Отклонившись в сторону, Софья удивленно посмотрела на свою служанку, чье лицо было невинно, точно у младенца.

— Не пойму я тебя, Верка, то дура-дурой, а то вдруг такое скажешь, что я просто диву даюсь. Ладно, подай соболью душегрею. Мне идти пора.

— А как же завтрак?! — спохватилась служанка, метнувшаяся выполнять приказание.

— Ничего, злее буду, — недобро улыбнулась Софья. — Надо же кир-Иоакиму работы добавить! Чем с Натальей Кирилловной шушукаться, пусть лучше помолится за мою грешную душу.

Трудно сказать, поверили или нет бояре подметному письму, предъявленному Софьей, или решили не сердить царевну, только участь Хованского быстро была решена.
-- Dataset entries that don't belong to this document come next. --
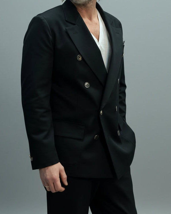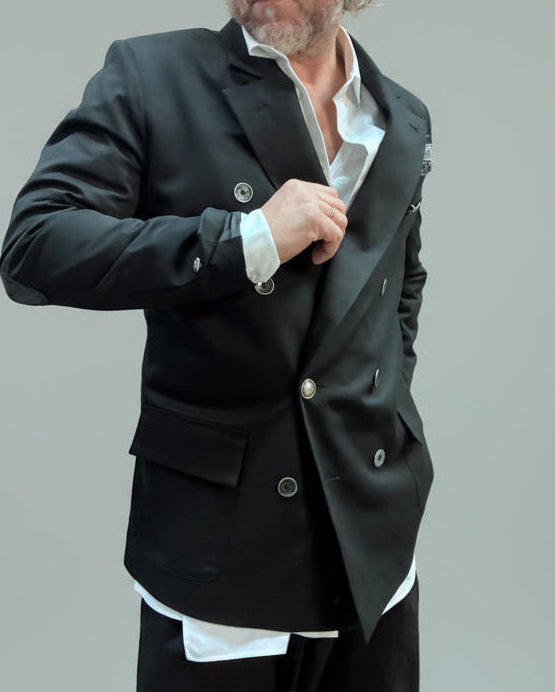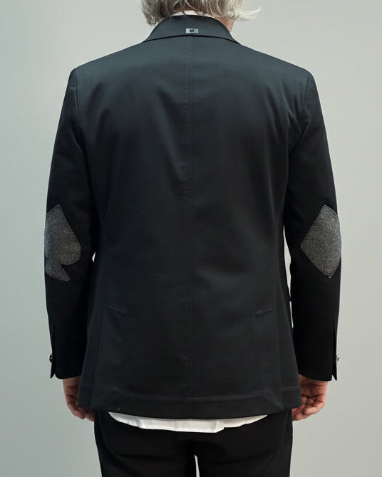 Wykonana z czarnej połyskującej bawełny z dwoma rzędami kontrastujących guzików i charakterystycznymi naszyciami na łokciach w kształcie pik i kier. Dzięki temu męski styl nabiera nowego znaczenia.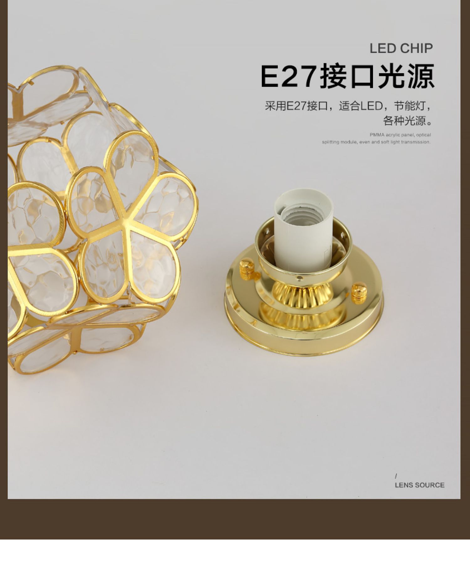 • 꽃잎 램프 금색 가장자리 흰색 투명 커버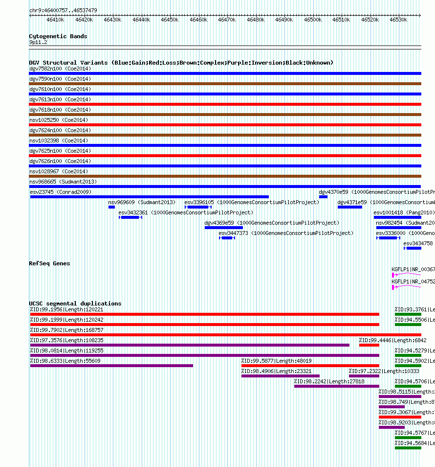 |  | Variant Type | CNV duplication |  | Copy Number |  |  | Allele State |  |  | Allele Origin |  |  | Probe Count |  |  | Validation Flag |  |  | Merged Status | M |  | Merged Variants |  |  | Supporting Variants | nssv2544173, nssv2544179, nssv2544176, nssv2544174, nssv2544182, nssv2544180, nssv2544175, nssv2544178, nssv2544181, nssv2544177 |  | Samples | HGDP01284, HGDP00665, HGDP00998, HGDP00521, HGDP00778, HGDP01307, HGDP00542, HGDP01029, HGDP00456, HGDP00927 |  | Known Genes | KGFLP1 |  | Method | Sequencing |  | Analysis | lineage specific fixed duplications |  | Platform | Not reported |  | Comments |  |  | Reference | Sudmant_et_al_2013 |  | Pubmed ID | 23825009 |  | Accession Number(s) | nsv968665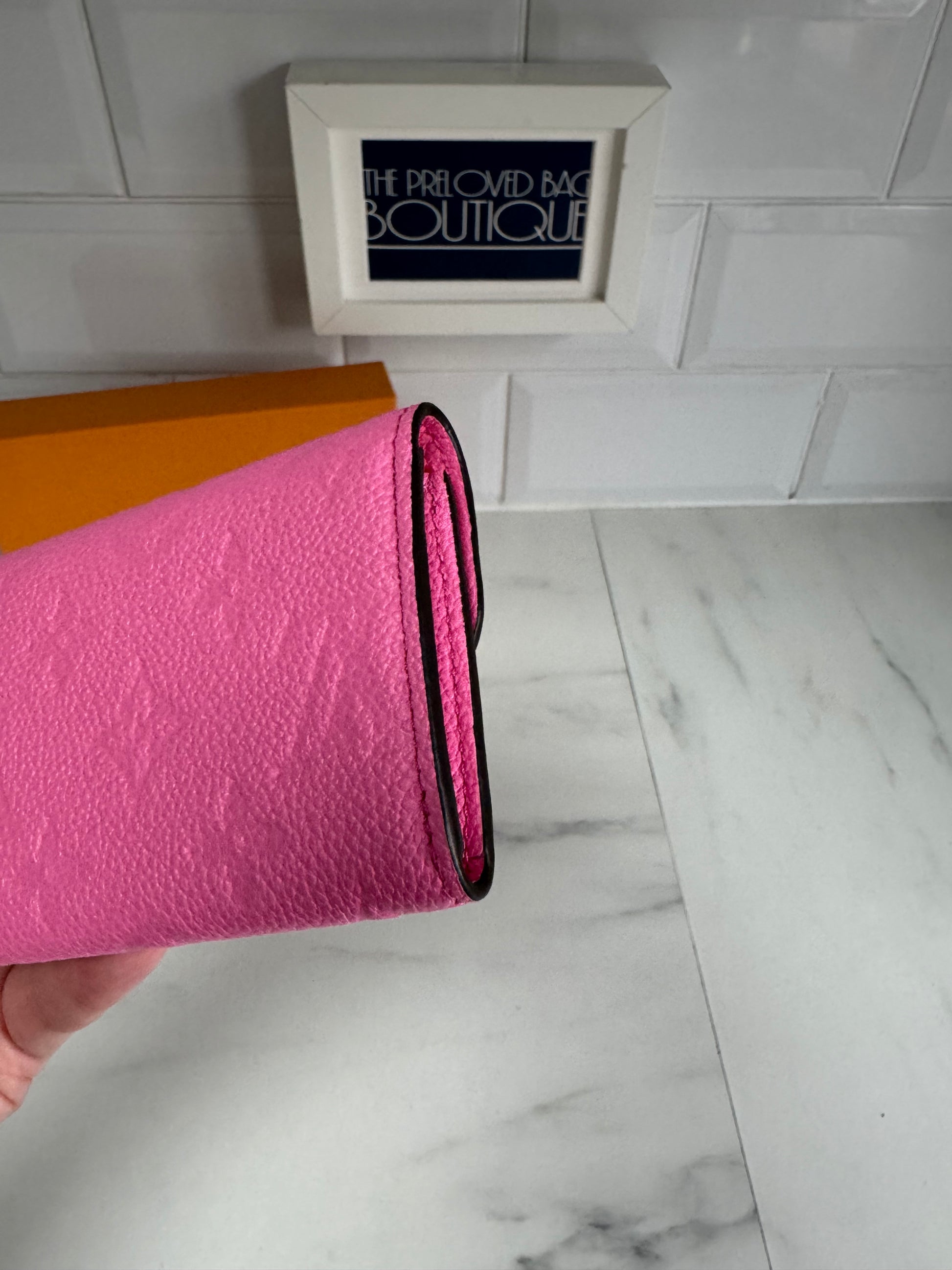 This item is Preloved but is in AS NEW condition. It had never been used!! It is crafted in a fabulous pocket-size with a curved front flap with popper closure.The interior is lined in smooth pink leather with a zipped coin section and a credit card slip.It is such a vibrant colour and just super handy for your items, especially if you’re carrying a smaller sized bag.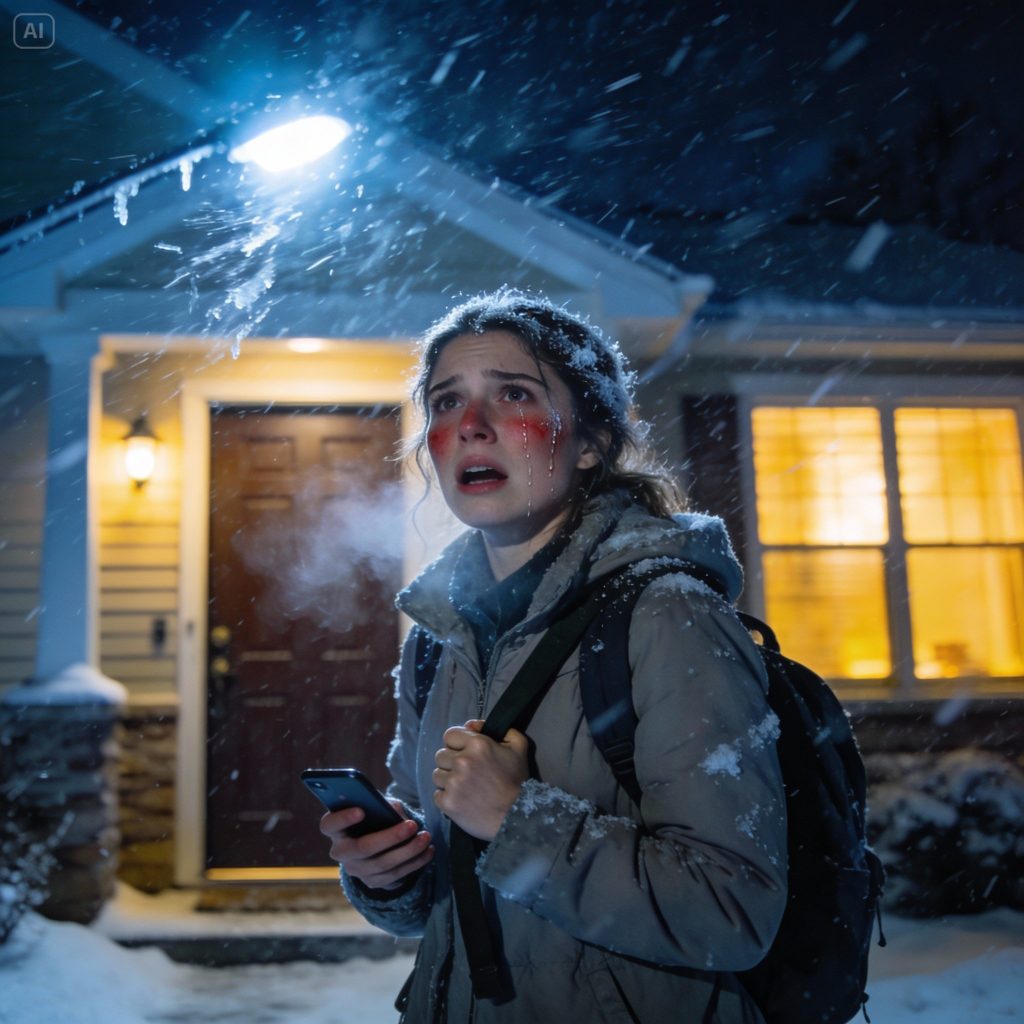 I don’t know how long I kept moving before I realized I was losing track of direction. Houses looked the same—white and gray shapes, yards swallowed, porches half buried. The street sign was coated in ice. My brain started offering terrible ideas, like sitting down “just for a minute” behind a hedgerow to block the wind. I recognized the thought and panicked, because I knew what it meant. That’s how people disappear in storms: they sit down to rest and never stand up again. I forced myself to keep going, but my ankle throbbed and my steps shortened. My hands shook so badly I could barely hold my phone. Then I saw headlights—two soft beams crawling through the snow like something searching. I lifted my arms and waved, but the car passed without stopping, tires hissing on slush. I screamed after it, but the wind stole my voice. My breath came in shallow bursts, and suddenly, I wasn’t sure I could keep my thoughts straight. I imagined Dad inside our house with the heat on, Jenna sipping coffee, Mom scrolling comments. I pictured them telling each other they were “teaching me a lesson.” The cold pressed into my ribs and my spine. My fingers felt like they weren’t part of me anymore. I reached the corner by the small strip mall and leaned against a brick wall, trying to steady myself, but my knees buckled. The world tilted. Snow filled my vision, bright and endless.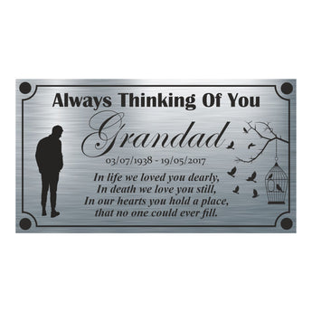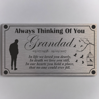 Honour the memory of a special person with our Memorial Plaque - Grandad Design. Crafted from brushed silver aluminium, this 11cm x 20cm plaque can be personalised with any name to make a special memento. Perfect for indoor or outdoor use, it comes with pre-drilled holes and all needed fixings, including black screw cap covers.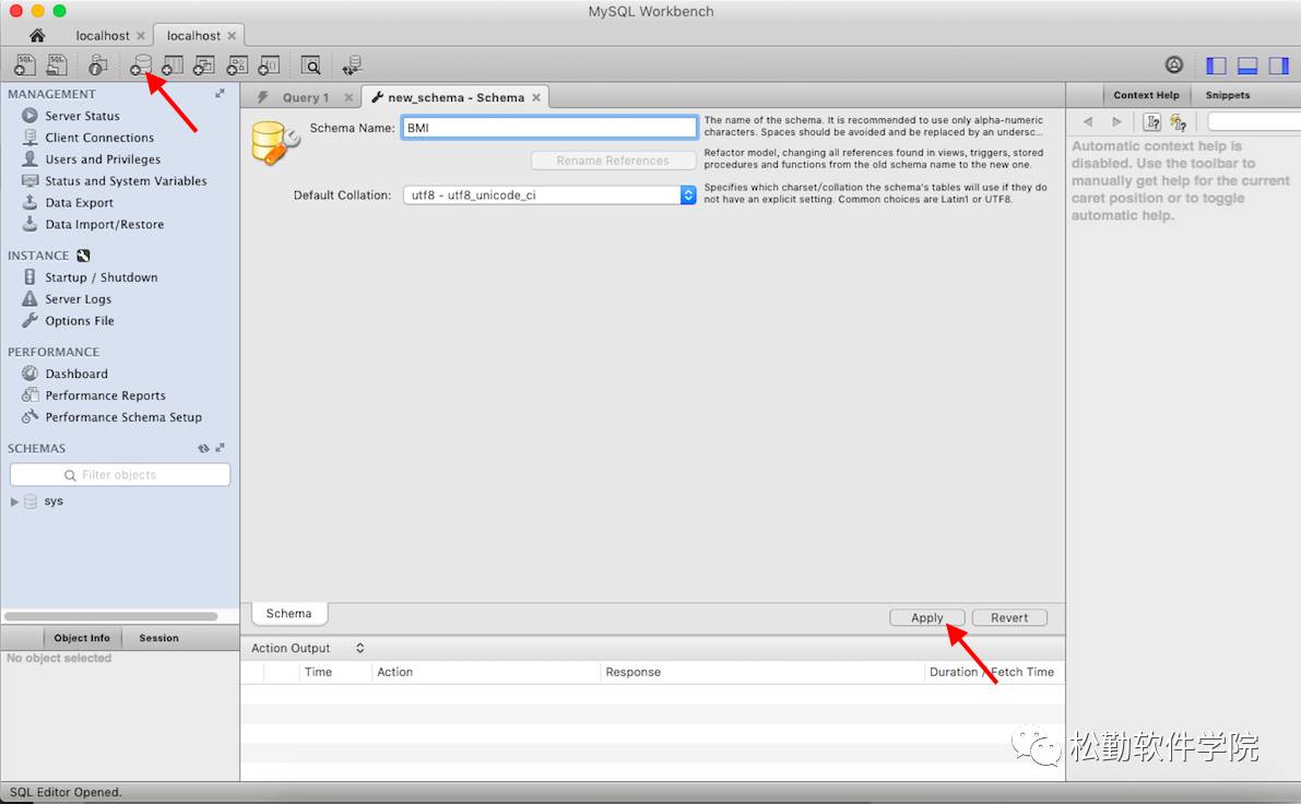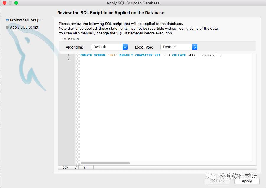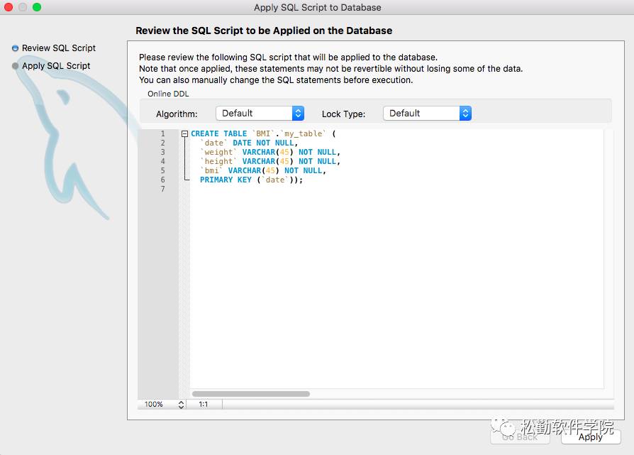 Workbench会自动生成SQL语句,再次点击Apply就可以成功创建数据库:

Старика, начавшего службу стольником еще при Михаиле Федоровиче, и его сына Андрея приговорили к казни путем усекновения головы за распоряжение царской казной в пользу стрельцов, неповиновение царским распоряжениям и многое другое.

Были даны соответствующие распоряжения, и отряд дворян во главе с Лыковым и Шакловитым поскакал навстречу несчастному князю.

Пробуждение так чудовищно не совпадало с приятными сновидениями Хованского, что сначала он даже не понял, о чем говорит ему окольничий, а тот, не желая применять насилие, все теребил его за плечо:

— Вставай, Иван Андреевич, тебя в Воздвиженском ждут.

Пятьдесят стрельцов, составлявших охрану Хованского, не пошевелили даже пальцем, когда их начальника выводили из шатра. Впрочем, их уже успели разоружить, и теперь присмиревшие бунтовщики стояли чуть в стороне мрачной толпой, ожидая решения своей судьбы.

Что это было? Невероятное самомнение или временное помутнение рассудка, но старик Хованский совершенно спокойно воспринял происходившие события, точно детскую шутку. Даже оказавшись в кольце преданных Софье дворян, он еще не понимал всей серьезности своего положения, пока, подъехав к околице села, не увидел своего сына Андрея в порванной местами ферязи, которого держали за локти двое солдат.

Чуть в стороне сидели на расставленных полукругом лавках человек пятнадцать богато одетых вельмож, среди которых Хованский заметил Софью, Голицына и других бояр, с которыми совсем недавно заседал в Грановитой палате. Все они, кроме царевны, сидели, потупив глаза, словно стыдясь своего поступка.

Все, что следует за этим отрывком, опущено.